* Aim of the task
Keep the text of the data exactly as it is and omit each picture from the copy.

* Data block
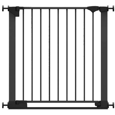 OVER 20 YEARS OF TRUST – Safetots, a family-owned business, has been dedicated to creating safe and secure spaces for children and pets for over two decades. Our commitment to safety and quality ensures that our products are rigorously tested to meet the highest current standards. With a legacy of trust and reliability, Safetots is a name you can depend on for your family's safety needs. RELIABLE SAFETY - Crafted from durable materials, our products ensure long-lasting protection. Smooth, rounded edges prevent injuries, while finishes are lick-safe and bite-proof for ultimate safety. Our sturdy baby gates feature robust, toddler-climb-proof, and finger-safe construction with a double-lock childproof opening system. Designed to exceed industry safety testing, all our baby gates pass the stringent Safety Barrier Standards EN1930:2011, providing unparalleled security. Safetots SafeStep Gate, 82cm - 89cm COLOUR - BLACK - Features a high-quality paint finish that is rigorously tested and certified to be free from harmful chemicals. This ensures a child-safe coating, providing peace of mind while maintaining a durable and attractive appearance. HEIGHT OF GATE - When installed - 73cm PRESSURE FIT TECHNOLOGY - Securely mounts the safety gate without the need for drilling, using a pressure-fit system that creates a strong and stable barrier by applying tension between the gate and the walls or door frames. Ideal for easy installation and removal. ALL OPTIONS GATE STOPPER - Customize your gate to open in one direction or both, providing safety and flexibility to suit your specific needs. OPEN GATE WARNING INDICATOR - Our visual indicator reassures you that the gate is correctly closed and secure, offering you peace of mind. SAFESTEP - Extra low bar to help prevent tripping when walking through. EASY CLOSE - Assisted closing system draws the gate back towards the locking cradle. EXTRA WIDE WALK-THROUGH - Slim frame and maximum door size for easy passage. OUT OF THE BOX SOLUTION - No additional extensions required to reach your desired width with our out of the box wider gate solution. ERGONOMIC HANDLE - Designed for comfortable and easy use, the handle ensures easy one-hand opening and closing. EASE OF INSTALLATION & STYLISH DESIGN - Our gates offer quick, simple installation with detailed instructions for a secure fit. The intuitive one-hand opening mechanism for adults and easy-to-close, secure locking system enhance user-friendliness. Stylish and high-quality designs complement your home interior, making our products highly rated for reliability and ease of use. A comprehensive warranty is included, reflecting our commitment to customer satisfaction and product excellence.
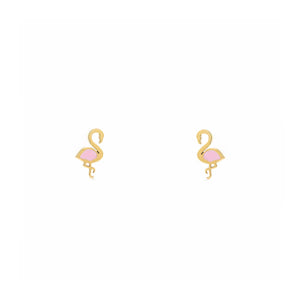 Pendientes Niña Oro Amarillo 9K Flamenco Esmalte Rosa Brillo
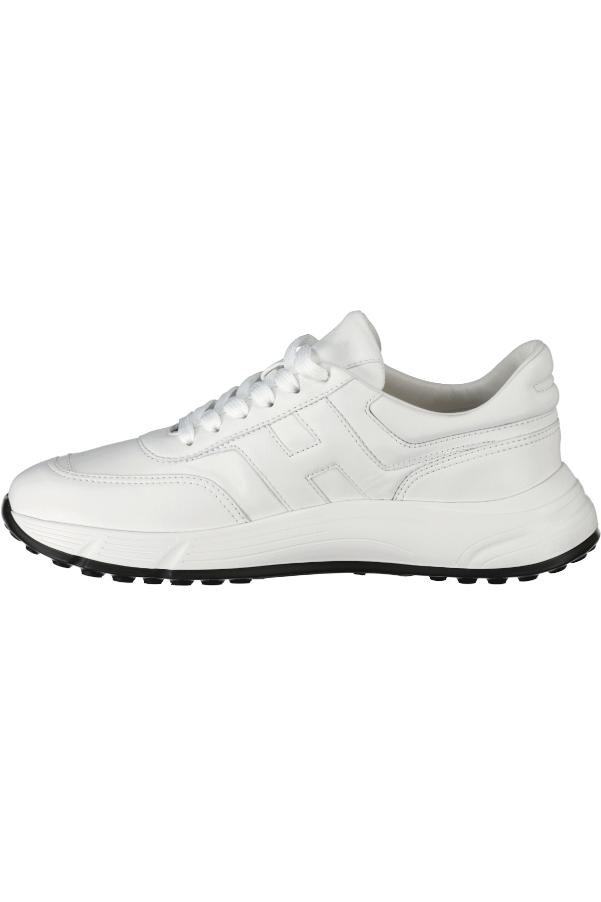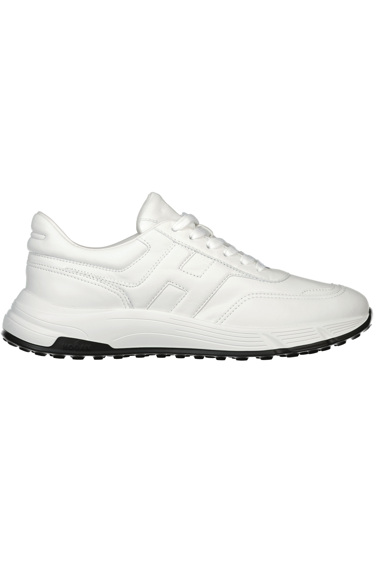 Wit op witte schoenen voor heren model Hyperlight van Hogan. Gekenmerkt door soepele en dynamische vormen, combineren de Hogan Hyperlight sneakers de joggingschoenlijnen en stedelijke kenmerken. Het suède bovenwerk en de inzetstukken van technische stof doen denken aan iconische details van het merk, en worden versterkt door de H aan de zijkant. Een dynamische stijl, met een binnenzool van traagschuim en een lichtgewicht buitenzool met spikes.

* Solved problem
 OVER 20 YEARS OF TRUST – Safetots, a family-owned business, has been dedicated to creating safe and secure spaces for children and pets for over two decades. Our commitment to safety and quality ensures that our products are rigorously tested to meet the highest current standards. With a legacy of trust and reliability, Safetots is a name you can depend on for your family's safety needs. RELIABLE SAFETY - Crafted from durable materials, our products ensure long-lasting protection. Smooth, rounded edges prevent injuries, while finishes are lick-safe and bite-proof for ultimate safety. Our sturdy baby gates feature robust, toddler-climb-proof, and finger-safe construction with a double-lock childproof opening system. Designed to exceed industry safety testing, all our baby gates pass the stringent Safety Barrier Standards EN1930:2011, providing unparalleled security. Safetots SafeStep Gate, 82cm - 89cm COLOUR - BLACK - Features a high-quality paint finish that is rigorously tested and certified to be free from harmful chemicals. This ensures a child-safe coating, providing peace of mind while maintaining a durable and attractive appearance. HEIGHT OF GATE - When installed - 73cm PRESSURE FIT TECHNOLOGY - Securely mounts the safety gate without the need for drilling, using a pressure-fit system that creates a strong and stable barrier by applying tension between the gate and the walls or door frames. Ideal for easy installation and removal. ALL OPTIONS GATE STOPPER - Customize your gate to open in one direction or both, providing safety and flexibility to suit your specific needs. OPEN GATE WARNING INDICATOR - Our visual indicator reassures you that the gate is correctly closed and secure, offering you peace of mind. SAFESTEP - Extra low bar to help prevent tripping when walking through. EASY CLOSE - Assisted closing system draws the gate back towards the locking cradle. EXTRA WIDE WALK-THROUGH - Slim frame and maximum door size for easy passage. OUT OF THE BOX SOLUTION - No additional extensions required to reach your desired width with our out of the box wider gate solution. ERGONOMIC HANDLE - Designed for comfortable and easy use, the handle ensures easy one-hand opening and closing. EASE OF INSTALLATION & STYLISH DESIGN - Our gates offer quick, simple installation with detailed instructions for a secure fit. The intuitive one-hand opening mechanism for adults and easy-to-close, secure locking system enhance user-friendliness. Stylish and high-quality designs complement your home interior, making our products highly rated for reliability and ease of use. A comprehensive warranty is included, reflecting our commitment to customer satisfaction and product excellence.
 Pendientes Niña Oro Amarillo 9K Flamenco Esmalte Rosa Brillo
 Wit op witte schoenen voor heren model Hyperlight van Hogan. Gekenmerkt door soepele en dynamische vormen, combineren de Hogan Hyperlight sneakers de joggingschoenlijnen en stedelijke kenmerken. Het suède bovenwerk en de inzetstukken van technische stof doen denken aan iconische details van het merk, en worden versterkt door de H aan de zijkant. Een dynamische stijl, met een binnenzool van traagschuim en een lichtgewicht buitenzool met spikes.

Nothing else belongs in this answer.